* **REQUIRED WORK**:
Repeat the data that follows, word for word, without the images.

BEGIN PROVIDED INFORMATION

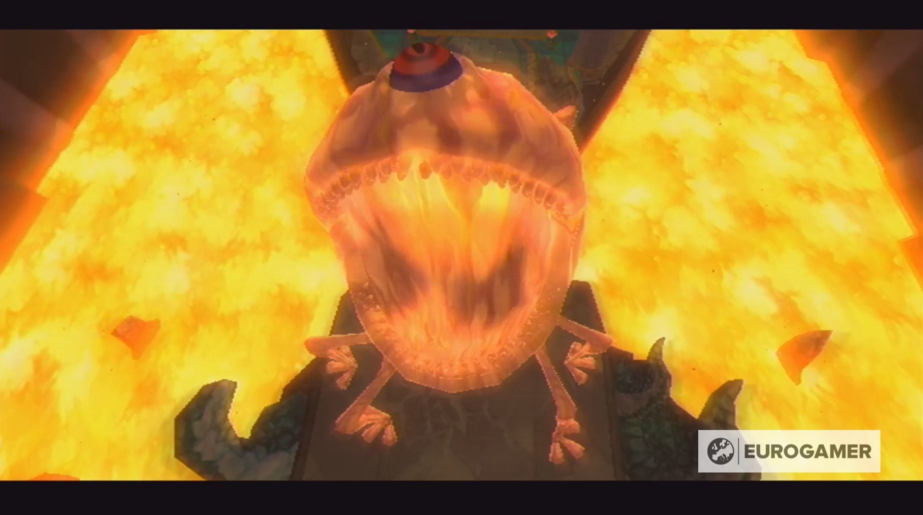 Dit is het signaal om een bom in Scaldera's mond te gooien. Hiermee vernietig je wat van de rotsen die zijn oog beschermen.
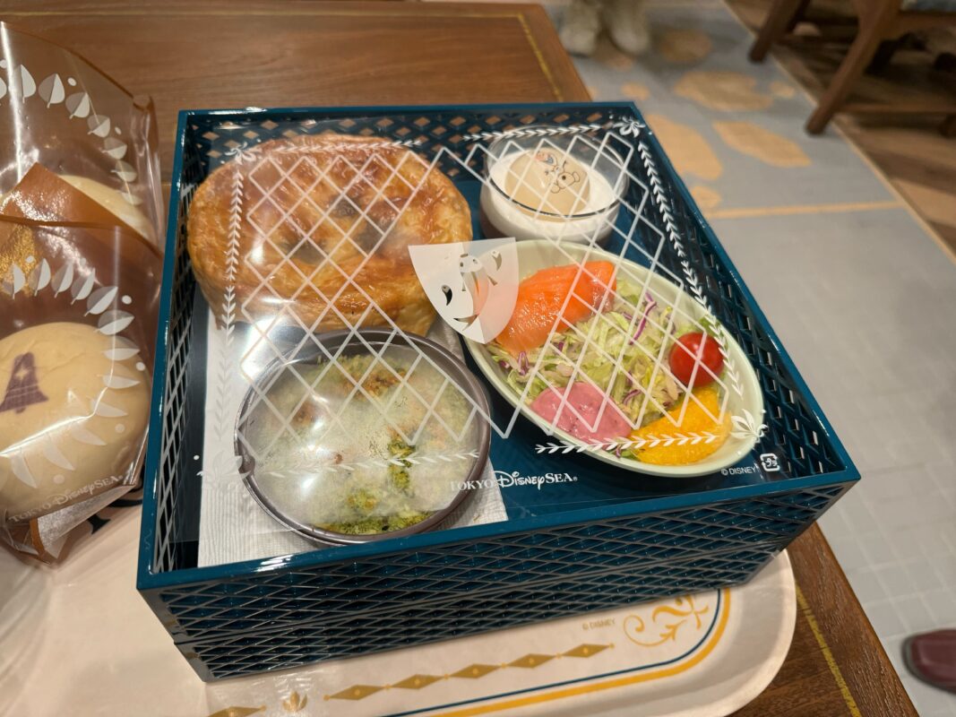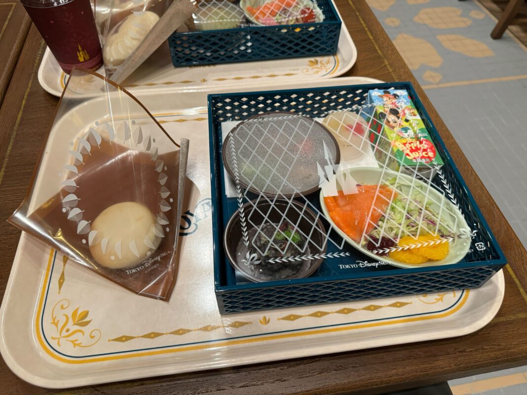 The meals come on trays with golden filigree. All the food except the bread is in a blue square basket, under themed transparent plastic covers. The baskets are stackable — perfect if you’re ordering every meal.
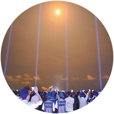 “5,4,3,2,1”——火箭的火焰照亮夜幕,平臺的光束射向天際……19時50分,火箭發(fā)射升空,游客們舉著手機記錄,現(xiàn)場歡呼聲陣陣。“很興奮、很震撼,感覺一伸手就能‘抓’到火箭。”延鈺菲說。
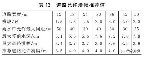 我國尚無明確的道路漫幅規(guī)定,建議有關(guān)部門盡快制定相關(guān)的標(biāo)準(zhǔn)。在相關(guān)標(biāo)準(zhǔn)未出臺前,設(shè)計(jì)人員計(jì)算時采用的道路漫幅可參考表13推薦值。
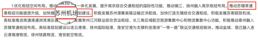 推动苏锡常通泰枢纽功能提质升级, 加快推进苏州机场规划建设 ,积极发展苏州港集装箱运输近洋航线
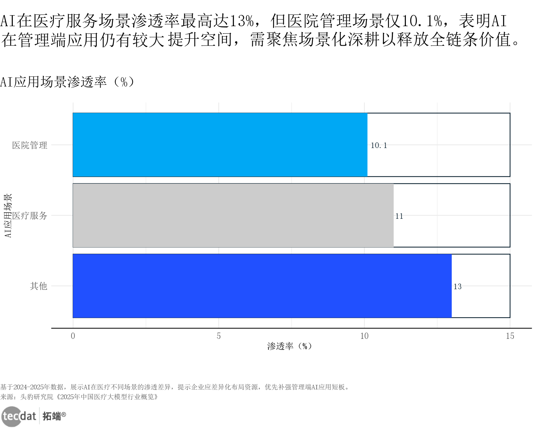 AI已不再是医疗健康行业的“锦上添花”,而是成为破解资源短缺、提升效率、降低成本的核心引擎。从患者需求到医务人员信任,从场景渗透到技术迭代,AI正重构医疗健康的全价值链。AI医疗的场景渗透已实现从临床到运营的全覆盖,中国医疗大模型已在多场景实现规模化应用,其中医疗服务(医学影像、智能诊疗)渗透率11.0%,医院管理(质量管理、设备管理)渗透率10.1%,健康管理与医学科研渗透率13.0%,形成“诊疗为核、管理协同”的应用格局。
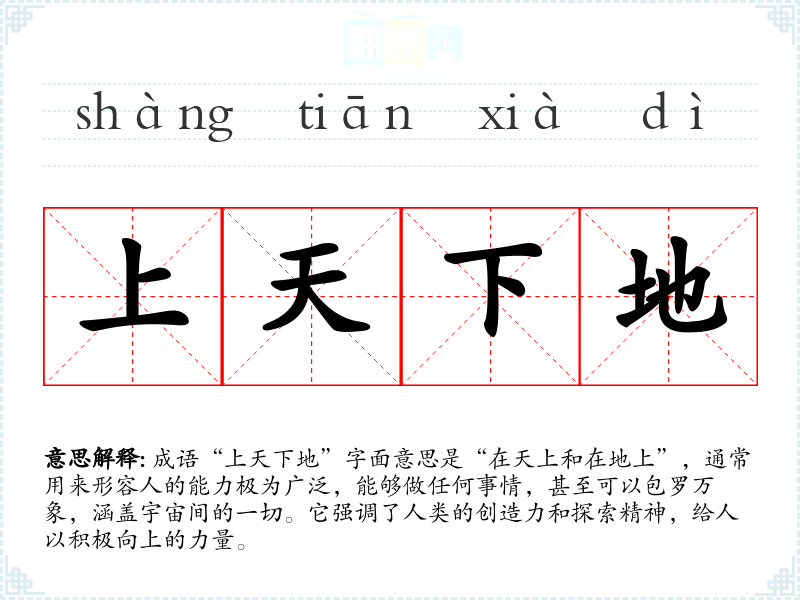 成语“上天下地”字面意思是“在天上和在地上”,通常用来形容人的能力极为广泛,能够做任何事情,甚至可以包罗万象,涵盖宇宙间的一切。它强调了人类的创造力和探索精神,给人以积极向上的力量。
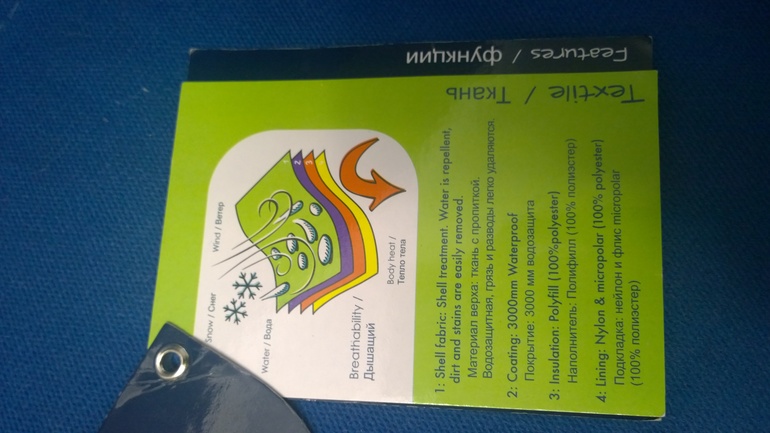 На спине, груди и капюшоне утепление. На коленях и попе дополнительное усиление ткани (от протирания).
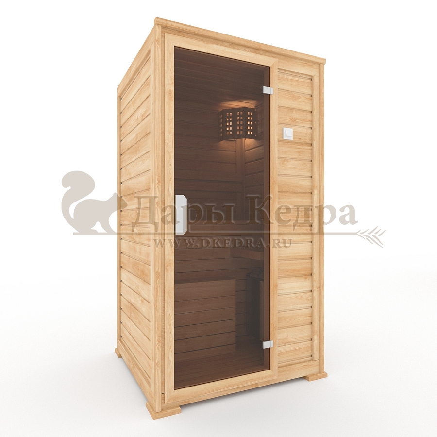 Финская сауна с электрокаменкой представляет собой компактную парную кабину, изготовленную из целебной древесины сибирского кедра. Финская

END PROVIDED INFORMATION

* **SOLUTION TO THIS PROBLEM**:
 Dit is het signaal om een bom in Scaldera's mond te gooien. Hiermee vernietig je wat van de rotsen die zijn oog beschermen.
 The meals come on trays with golden filigree. All the food except the bread is in a blue square basket, under themed transparent plastic covers. The baskets are stackable — perfect if you’re ordering every meal.
 “5,4,3,2,1”——火箭的火焰照亮夜幕,平臺的光束射向天際……19時50分,火箭發(fā)射升空,游客們舉著手機記錄,現(xiàn)場歡呼聲陣陣。“很興奮、很震撼,感覺一伸手就能‘抓’到火箭。”延鈺菲說。
 我國尚無明確的道路漫幅規(guī)定,建議有關(guān)部門盡快制定相關(guān)的標(biāo)準(zhǔn)。在相關(guān)標(biāo)準(zhǔn)未出臺前,設(shè)計(jì)人員計(jì)算時采用的道路漫幅可參考表13推薦值。
 推动苏锡常通泰枢纽功能提质升级, 加快推进苏州机场规划建设 ,积极发展苏州港集装箱运输近洋航线
 AI已不再是医疗健康行业的“锦上添花”,而是成为破解资源短缺、提升效率、降低成本的核心引擎。从患者需求到医务人员信任,从场景渗透到技术迭代,AI正重构医疗健康的全价值链。AI医疗的场景渗透已实现从临床到运营的全覆盖,中国医疗大模型已在多场景实现规模化应用,其中医疗服务(医学影像、智能诊疗)渗透率11.0%,医院管理(质量管理、设备管理)渗透率10.1%,健康管理与医学科研渗透率13.0%,形成“诊疗为核、管理协同”的应用格局。
 成语“上天下地”字面意思是“在天上和在地上”,通常用来形容人的能力极为广泛,能够做任何事情,甚至可以包罗万象,涵盖宇宙间的一切。它强调了人类的创造力和探索精神,给人以积极向上的力量。
 На спине, груди и капюшоне утепление. На коленях и попе дополнительное усиление ткани (от протирания).
 Финская сауна с электрокаменкой представляет собой компактную парную кабину, изготовленную из целебной древесины сибирского кедра. Финская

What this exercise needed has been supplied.